(Collected data entries)
___

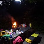 Je ne sais pas pourquoi on s’acharne à appeler ça une journée de repos quand on ne se repose jamais. On part pour aller s’installer au parc Forillon et profiter de celui-ci. Après avoir traversé le parc par le chemin avec le moins de dénivelé, on arrive enfin après 2 h de vélo et, sitôt installé, on repart pour une randonnée au Mont-Saint-Alban de 2 h 30. La vue est époustouflante, surtout en haut de la tour d’observation. Nous sommes supposés aller au phare Bout du monde, mais après réflexion, nous décidons finalement de rentrer au camp pour un peu de repos. Après un bon souper, nous profitons du bois laisser par d’autres campeurs pour s’allumer un feu. Ahhh ! Content que la journée soit finie !
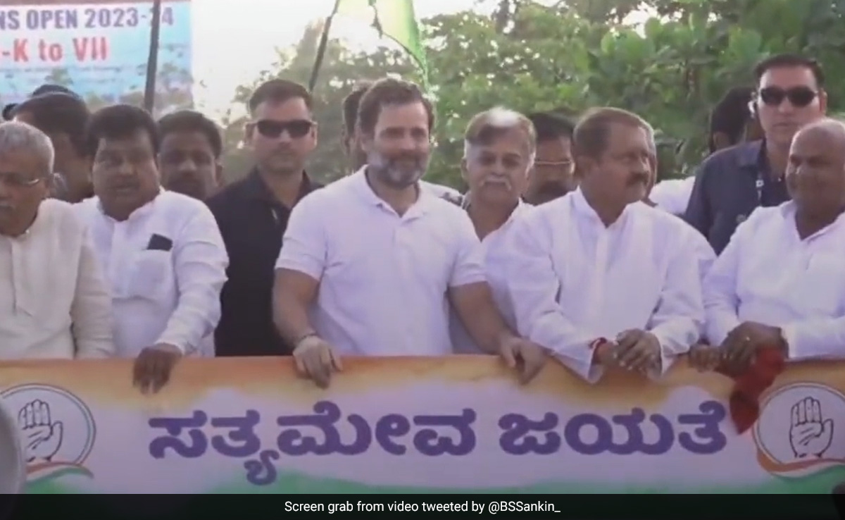 People holding Congress flags moved along as the vehicle carrying Mr Gandhi and other Congress leaders passed through the streets from Shivaji Circle and Kanakadasa Circle, amid the sound of drum beats.
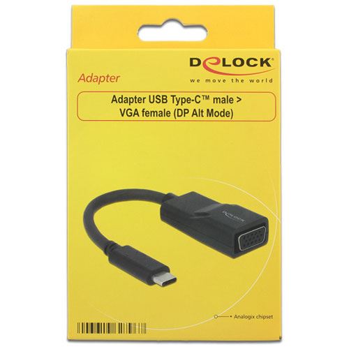 Dieser Delock Adapter ist für den Anschluss eines VGA Monitors an einen Computer mit USB-C™ Schnittstelle und Displayport Alternate Mode Unterstützung geeignet. Somit kann der Adapter an verschiedene Notebooks wie Macbook, Chromebook und ähnliche angeschlossen werden. Außerdem kann der Adapter auch an einer Thunderbolt™ 3 Schnittstelle betrieben werden.
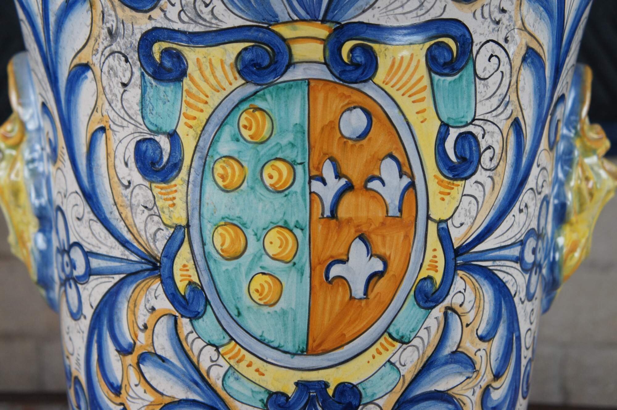 A beautiful 20th-century jardiniere by Deruta pottery. Features a hand-painted polychrome finish with elegant scrolling foliate motifs, figural northwind faces, and a shield or crest along the front.
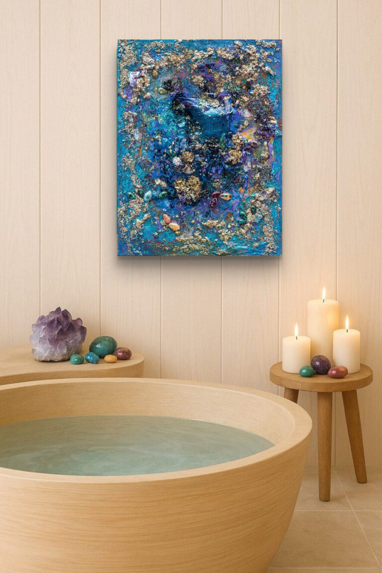 Dieses Kunstwerk weckt Erinnerungen an die Legenden von Atlantis – an das versunkene Reich des Lichts, in dem Wissen, Heilung und Bewusstsein im Einklang mit der Natur flossen. Es ist eine Ode an das Element Wasser: reinigend, empfangend

___

[Work order]: Word for word, repeat the data above with the pictures left out.

[Answer to this exercise]:
 Je ne sais pas pourquoi on s’acharne à appeler ça une journée de repos quand on ne se repose jamais. On part pour aller s’installer au parc Forillon et profiter de celui-ci. Après avoir traversé le parc par le chemin avec le moins de dénivelé, on arrive enfin après 2 h de vélo et, sitôt installé, on repart pour une randonnée au Mont-Saint-Alban de 2 h 30. La vue est époustouflante, surtout en haut de la tour d’observation. Nous sommes supposés aller au phare Bout du monde, mais après réflexion, nous décidons finalement de rentrer au camp pour un peu de repos. Après un bon souper, nous profitons du bois laisser par d’autres campeurs pour s’allumer un feu. Ahhh ! Content que la journée soit finie !
 People holding Congress flags moved along as the vehicle carrying Mr Gandhi and other Congress leaders passed through the streets from Shivaji Circle and Kanakadasa Circle, amid the sound of drum beats.
 Dieser Delock Adapter ist für den Anschluss eines VGA Monitors an einen Computer mit USB-C™ Schnittstelle und Displayport Alternate Mode Unterstützung geeignet. Somit kann der Adapter an verschiedene Notebooks wie Macbook, Chromebook und ähnliche angeschlossen werden. Außerdem kann der Adapter auch an einer Thunderbolt™ 3 Schnittstelle betrieben werden.
 A beautiful 20th-century jardiniere by Deruta pottery. Features a hand-painted polychrome finish with elegant scrolling foliate motifs, figural northwind faces, and a shield or crest along the front.
 Dieses Kunstwerk weckt Erinnerungen an die Legenden von Atlantis – an das versunkene Reich des Lichts, in dem Wissen, Heilung und Bewusstsein im Einklang mit der Natur flossen. Es ist eine Ode an das Element Wasser: reinigend, empfangend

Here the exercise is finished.